The whole idea of this 15 year-old post Lens that Sees Its Flaws is about that, but it is way too optimistic about the premise. As Eliezer keeps reminding us, the opsec mindset is very very rare in humans, and even those with it are unlikely to successfully apply it to themselves.
There is no need for superhuman AGI, even. A human level AI without human restrictions and scruples has an insurmountable advantage. Even worse than that, actually. Memetic toxoplasma does not even require human-level intelligence. SCP-like egregores can be unleashed by something lower level accidentally and hasten their evolution and the takeover of the minds. Whether this has already happened, I have no idea (and would not be able to tell, anyhow).
People were constantly mind hacked by major ideologies, but the humanity never ends. This is our way of life. The question is how to go from ideology to human extinction in technical sense. Note that most ideologies actively promote war and some are positive to human extinction, like Aum sinreko, and different apocalyptic sects.

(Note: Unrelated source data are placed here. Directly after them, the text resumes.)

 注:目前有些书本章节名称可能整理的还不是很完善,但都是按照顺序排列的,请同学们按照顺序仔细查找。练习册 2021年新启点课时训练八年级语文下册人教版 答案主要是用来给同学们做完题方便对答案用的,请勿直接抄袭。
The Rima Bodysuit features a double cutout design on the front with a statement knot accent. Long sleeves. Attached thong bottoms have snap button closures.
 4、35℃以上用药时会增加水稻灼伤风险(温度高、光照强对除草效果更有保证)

As was said before: "A lot of the AI risk arguments seem to come... with a very particular transhumanist aesthetic about the future (nanotech, ... etc.). I find these things (especially the transhumanist stuff) to not be very convincing…

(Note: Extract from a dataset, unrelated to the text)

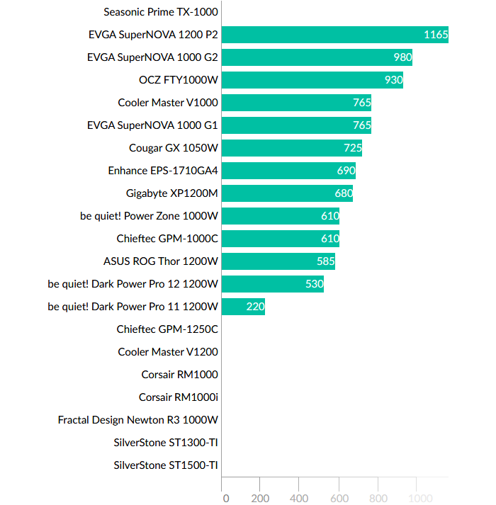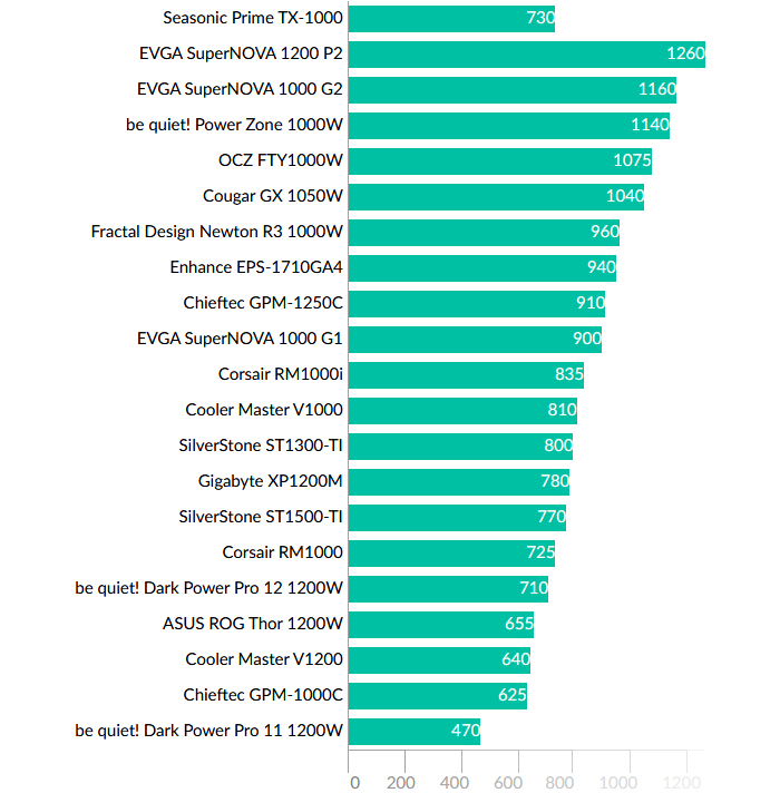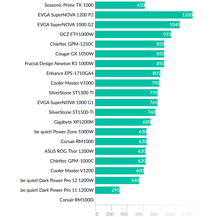 Кроме того, в нашей подборке есть несколько очень серьёзных «платиновых» моделей, таких как Cooler Master V1200, Fractal Design Newton R3 1000W, Gigabyte XP1200M и Asus ROG THOR 1200W.
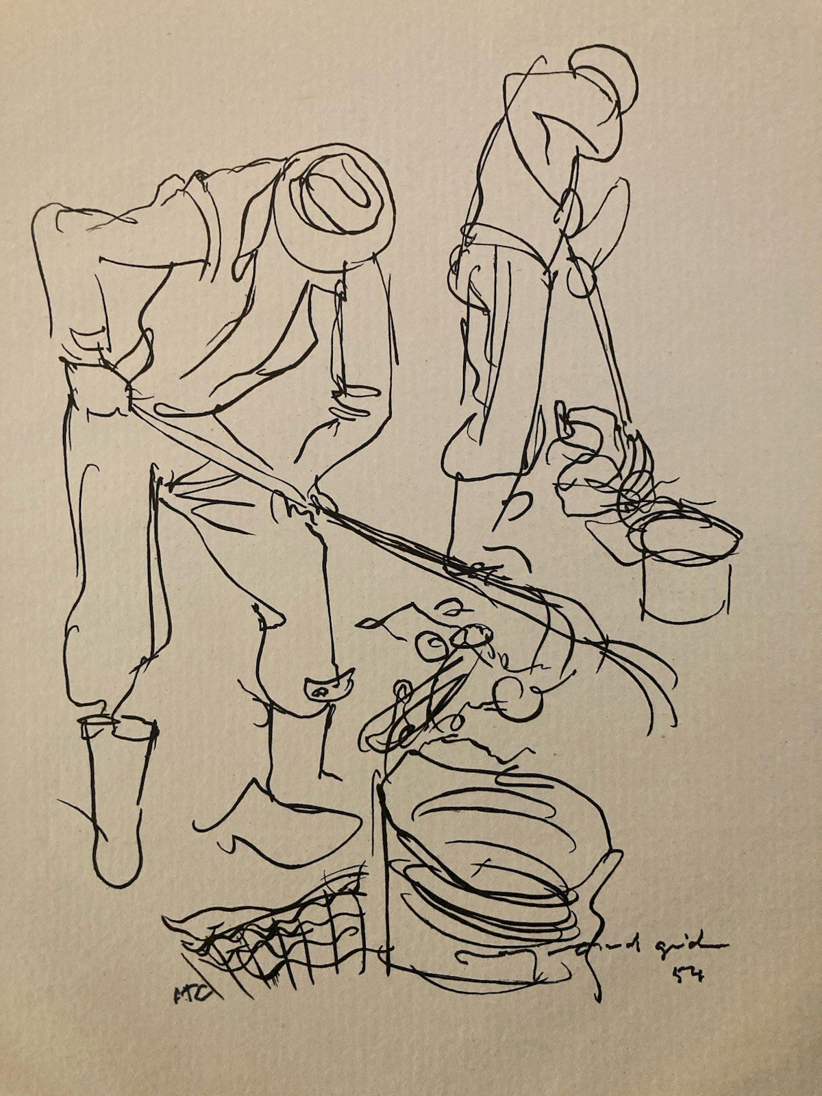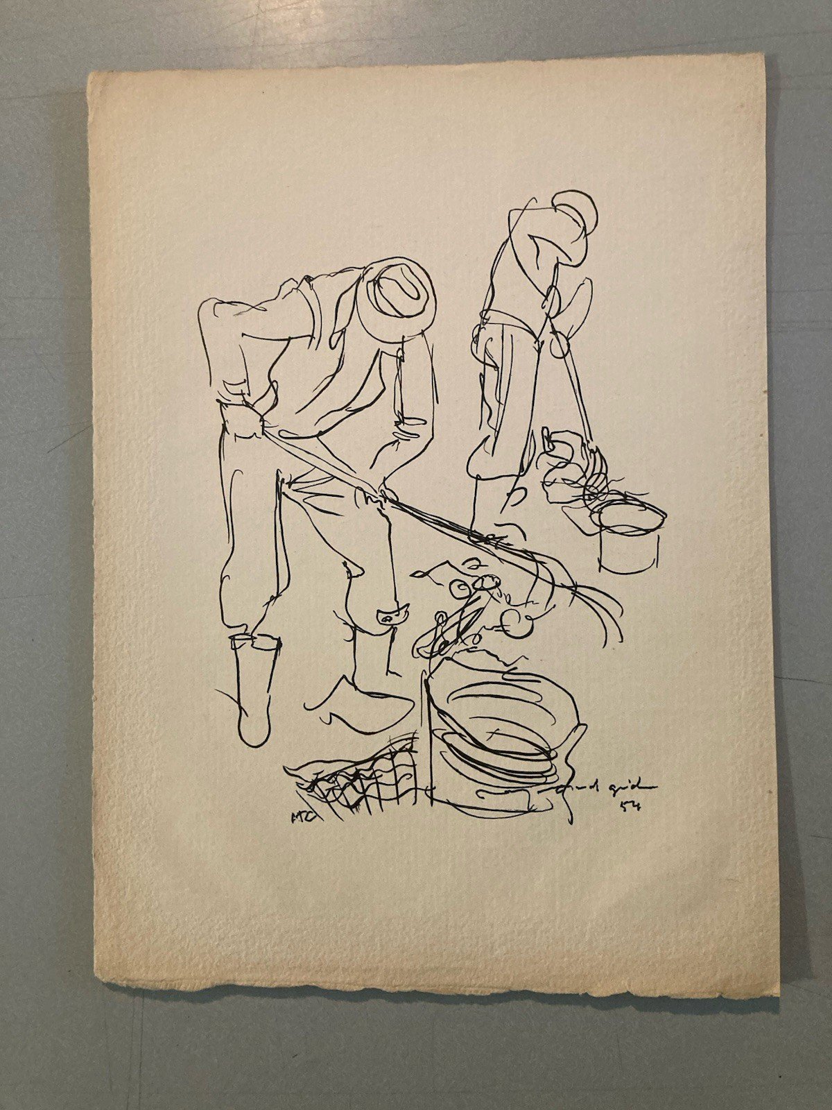 Gravure 1950 Art Lithographie Ancien Etching Raymond Gid Chiffonnier Originale

I here suggest a plausible scenario where AI can get its own infrastructure and kill all living beings without the use of nanotech and biotech. A similar plan was described in the book “A for Andromeda” by Hoyl, but for Alien AI from SETI.
I assume that no nanotech or biotech will be used in this scenario. I also assume that AI has a subgoal “kill all humans”.
In a nutshell, AI’s plan is:
1.AI promises a group of people (likely a country, probably one of the nuclear powers) a military advantage over all its rivals, but in exchange, the group should help AI to get out of the box and collaborate in building autonomous military infrastructure as well as human-independent AI-infrastructure (data centers, electricity generation, chip fabs, general-purpose robots). Military infrastructure will be based around autonomous weapons. The question about their size and aesthetics is second: it could be missiles, drones, nanobots or even robots, or some combination of them.
2. After the needed AI-infrastructure is created and the required weapons are deployed, the AI kills not only rivals of his group of people, but also the group itself.
Some properties of this plan:
There is no need for AI to hide its recursive self-improvement from humans, so it will outperform other AIs which have to do RSI in secret.
Any AI-takeover plan assumes that AI will have to build an independent computational infrastructure which is capable to function without humans, or at least with the help of an enslaved group of humans.
Any AI-infrastructure-building plan converges to robots-building-other-robots, or robots self-replicating.
Any robots-building-robots plan converges to smaller and smaller “self-replicating” robots, which become eventually as close to nanotech as possible.